Trust-deeds are a little-known but long-established investment niche popular with private lenders, and many Self-Directed IRA owners.
In a trust deed loan, a Self-Directed IRA owner would make a private loan to a borrower with the loan secured by some specific collateral – generally in the form of real estate. However, the market isn’t just individuals and their retirement accounts. Pension funds and other institutions seeking to diversify their portfolios against stock market and bond market risk also frequently allocate a portion of their portfolios to trust-deed loans.
The difference between a straight-ahead secured mortgage and a trust-deed loan is that in the latter, the deed is physically given to a third party, with instructions on what is to be done with the deed in the event of a default, or in the event the loan is paid off. Loans can be of any length, but terms of 1-3 years are common.
This lending structure is commonly used in Alaska, Arizona, California, Colorado, Idaho, Illinois, Mississippi, Missouri, Montana, North Carolina, Tennessee, Texas, Virginia and West Virginia.
For Self-Directed IRA owners willing to take on concentrated positions, and possibly become instant landlords in the event of a loan default, trust deed investments can be a viable way to eke out much more income yield out of their investment compared to other fixed income alternatives. For example, while 2-year treasury yields have tumbled to 0.787 percent, as of this writing, trust deed borrowers frequently pay anywhere from 5 to 10 percent yields and sometimes more, depending on the nature of the investment and the collateral put up.

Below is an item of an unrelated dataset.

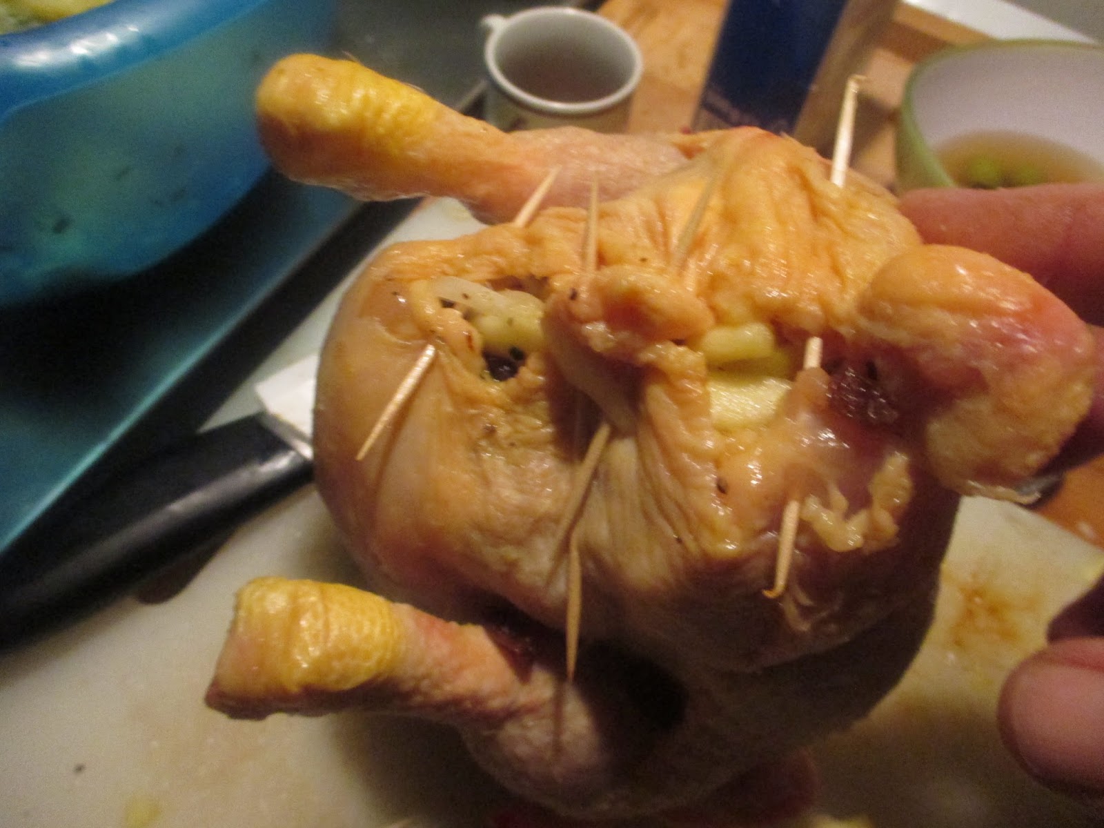 Damit die Füllung im Ofen nicht wieder rausfällt, wird das Huhn mit Zahnstochern verschlossen.

There are seven essential elements to trust deed lending that Self-Directed IRA investors should understand:
- Market value and equity in the property put up as collateral
- The knowledge and experience of the mortgage loan broker
- The financial standing and credit worthiness of the buyer
- The escrow process involving the funding of the loan or the purchase of the promissory note
- Documents and instructions describing and securing the loan or purchase of the promissory note
- Loan servicing provisions, authority and compensation
- Recovering your investment in the event of default.
Each of these essential elements is discussed in more detail in this publication from the California Department of Real Estate.
If you are using capital from a Self-Directed IRA, 401(k), SEP or SIMPLE, you should be aware of the required minimum distribution rules. Trust deed lending can offer good yields, and the security offered by the underlying real estate can make the asset class very attractive for patient investors. But these notes are usually very illiquid. Most Self-Directed IRA investors interested in trust deed lending should not rely on the principal from these assets to meet required minimum distributions or to meet short-term living expenses. However, regular interest payments usually help a great deal with the living expense and RMD issues.
Self-Directed IRAs Are Ideal For Trust Deed Investing
Self-Directed IRAs are usually excellent vehicles for trust deed IRAs because there is no tax consequence to income generated within these accounts until you actually pull the money out. Since the income generated by trust deed investments is normally taxable as ordinary income, the tax efficiency of the type of account you use is important.
To get started, open an account with American IRA, LLC, at www.americanira.com. Feel free to call us at 866-7500-IRA(472) for any information or assistance you may need.
Once you have funded your account, find a willing borrower, agree on an interest rate and collateral, and have your attorneys or a trust deed investment company set up the documents with the escrow company.
Then tell us where you need us to wire the money in order to fund the loan.
It’s important to have all interest payments go back to the IRA. So inform your borrower or escrow company to send those funds to us to credit your account. Otherwise you may cause an accidental distribution, resulting in unwanted taxes and penalties.
If you require income or distributions from your IRA, notify us and we will promptly send those funds to you, with all documentation fully compliant with tax law.